Cet écueil est connu depuis un demi-siècle, mais reste encore largement ignoré par de nombreux chercheurs. Le test d’hypothèse «n’offre plus une base saine ou utile pour les études statistiques», disait la statisticienne Cherry Clark en 1966 déjà. Il devrait être «éliminé car il est non seulement inutile, mais dangereux», affirmait le psychologue Ronald Carver en 1978. Si on s’en sert encore souvent, c’est parce «qu’il est utilisé par tout le monde, paraît être objectif, et que les professeurs continuent à l’enseigner», se lamente Douglas Johnson, statisticien au U.S. Geological Survey.

Le problème provient d’une interprétation erronée du test d’hypothèse, qui en fait porte bien mal son nom. Il ne donne pas la probabilité que la théorie soit juste, mais uniquement les chances d’obtenir les résultats en supposant que la théorie est fausse (une sur cent dans l’expérience de la précognition). «Vous voulez tester l’hypothèse qu’une pièce de monnaie est mal équilibrée, illustre Douglas Johnson. En la lançant trois fois, vous tombez trois fois sur pile. Tout ce que dit le test d’hypothèse, c’est que vous n’avez qu’une chance sur huit d’obtenir ce résultat avec une pièce bien équilibrée.» Or, on veut connaître la vraisemblance de la théorie de départ – non pas la probabilité des résultats. Une approche, basée sur les travaux du mathématicien du XVIIIe siècle Thomas Bayes, permet d’y arriver.

Jeffrey Rouder a appliqué la méthode bayesienne aux travaux de Daryl Bem. «Notre analyse montre que si vous donniez à la précognition une chance de un sur un million d’exister, alors les résultats de Bem vous enjoignent de réévaluer cette estimation à 1 sur 25 000. Ce facteur de 40 est étonnamment élevé, mais reste probablement insuffisant pour être considéré comme preuve d’un principe aussi radical que celui de la précognition.» Cette démarche souligne le fait qu’une seule expérience ne suffit pas: «La science est une construction sociale et interprétative, poursuit le psychologue.
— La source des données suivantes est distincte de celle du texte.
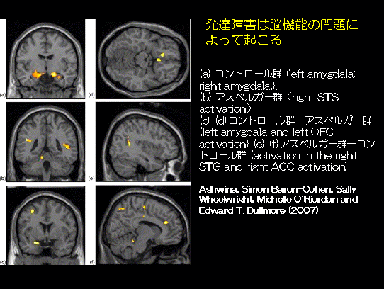 さきほどのビデオで出てきた子どもの様子を見るとですね、わがままな子どもさんに見えたかもしれませんけども、ああいうアスペルガーの人たちの脳の活動を測ってみると違いが見えるんです。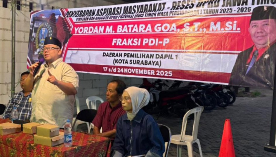 Minke.id – Anggota Fraksi PDI Perjuangan DPRD Jawa Timur, Yordan M. Batara-Goa, menyerap aspirasi masyarakat yang menghadapi kendala akses permodalan untuk mengembangkan usaha mikro, kecil, dan menengah (UMKM). Hal itu disampaikan dalam kegiatan reses di Kelurahan Petemon, Kecamatan Sawahan, Minggu (23/11/2025) malam.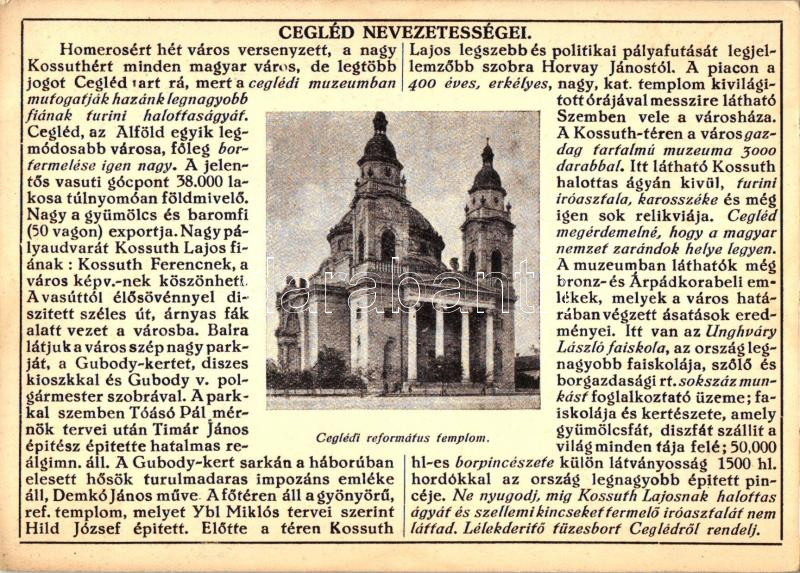 Leírás: Cegléd nevezetességei, Református templom; kiadja Farkasfalvi Kornél (EK)
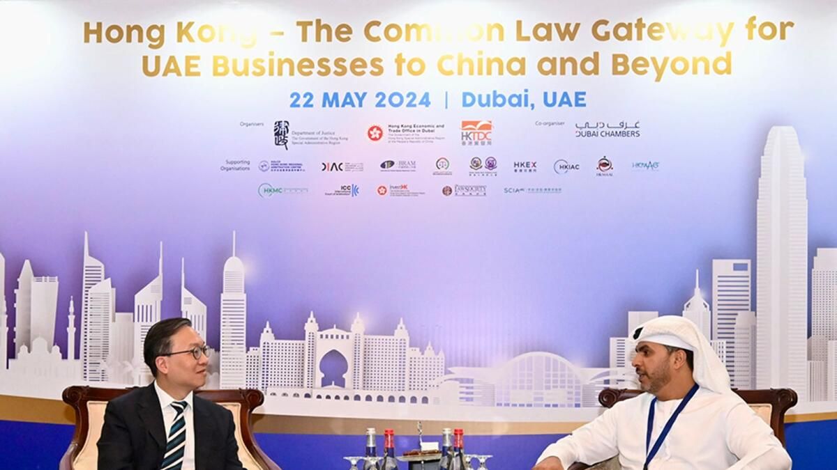 Özel İdari Bölgenin hukuki ve uyuşmazlık çözüm hizmetlerini tanıtmak amacıyla Dubai’de düzenlenen ”Hong Kong – BAE İşletmeleri için Çin’e ve Ötesine Ortak Hukuk Kapısı” başlıklı bir forumda konuşan Lam, Hong Kong’un uluslararası hukuk ve uyuşmazlık çözümü hizmetleri merkezi olarak görevlendirildiğini söyledi. çeşitli önemli ulusal kalkınma planları kapsamında çin’den.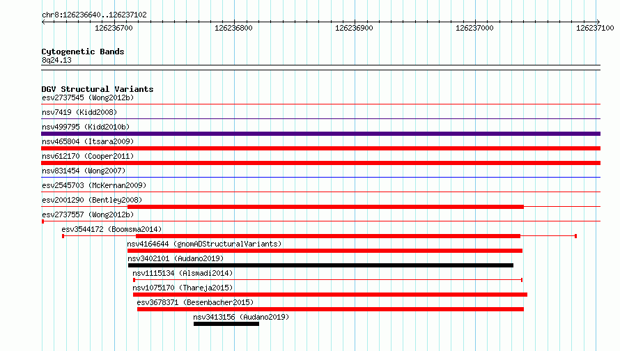 Variant DetailsVariant: essv6766965| Internal ID | 9654489 | | Landmark | | | Location Information | | | Cytoband | 8q24.13 | | Allele length | | Assembly | Allele length | | hg38 | 463 | | hg19 | 463 |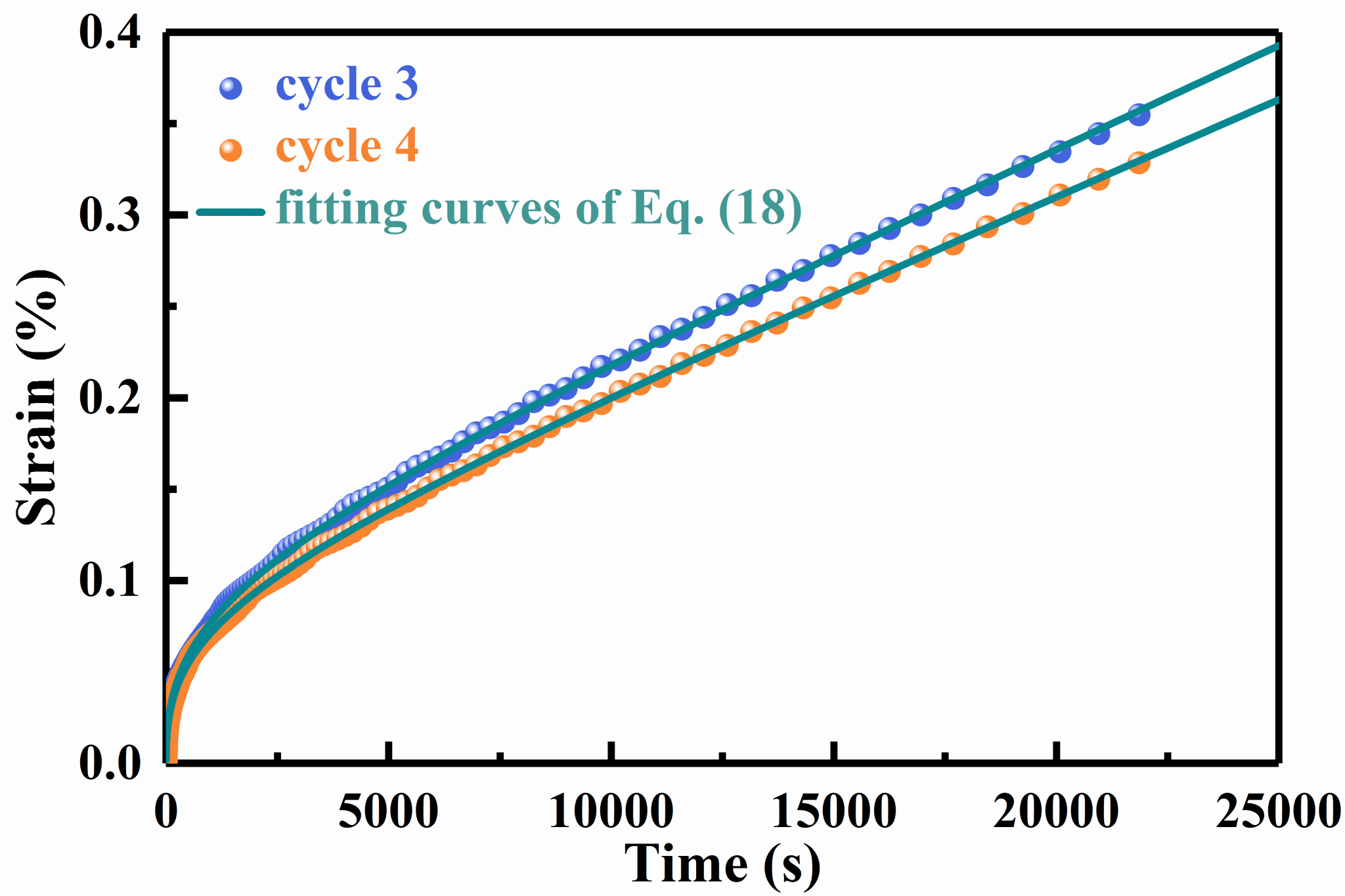 图3 不同循环次数下非晶合金蠕变曲线与拟合结果

Elle présente des indices que le lecteur doit lui-même juger, en fonction de ses connaissances et de ses croyances.» Depuis des décennies, Douglas Johnson milite pour l’approche bayesienne, mais «son apparente subjectivité a freiné son acceptation par de nombreux chercheurs, pour qui la science doit être objective», dit le statisticien.

Le test d’hypothèse s’avère particulièrement mal adapté pour examiner des effets très faibles, comme c’est souvent le cas en parapsychologie, mais «également lorsque les multiples facteurs s’influencent, ce qui arrive dans de nombreuses sciences «molles» telles que la psychologie, la sociologie, l’éducation ou encore la conservation de la nature, ajoute Douglas Johnson. Un résultat significatif n’est pas forcément suffisant. Il ne faut surtout pas conclure que l’effet existe et s’arrêter là – mais au contraire poursuivre les investigations. Sans mécanisme explicatif convaincant, il faut absolument rassembler de nombreuses études confirmant l’hypothèse.»

«L’étude de Bem est très transparente, honnête et bien rédigée, et démontre un grand professionnalisme, commente Jeffrey Rouder. Mais je n’y crois pas. Je m’attends à ce que les expériences voulant la répliquer donnent des résultats faiblement significatifs ou carrément négatifs. Si elles devaient produire systématiquement des résultats hautement significatifs, il faudra les considérer comme des débuts de preuve. En tout cas, je vois une vertu à cette étude: par son impact médiatique, elle redonne une chance de discuter des dangers oubliés représentés par les statistiques.» Un débat bienvenu à l’heure où les résultats «significatifs» provenant d’une multitude d’études épidémiologiques – sur les bienfaits et dangers du vin rouge, par exemple – font régulièrement les gros titres.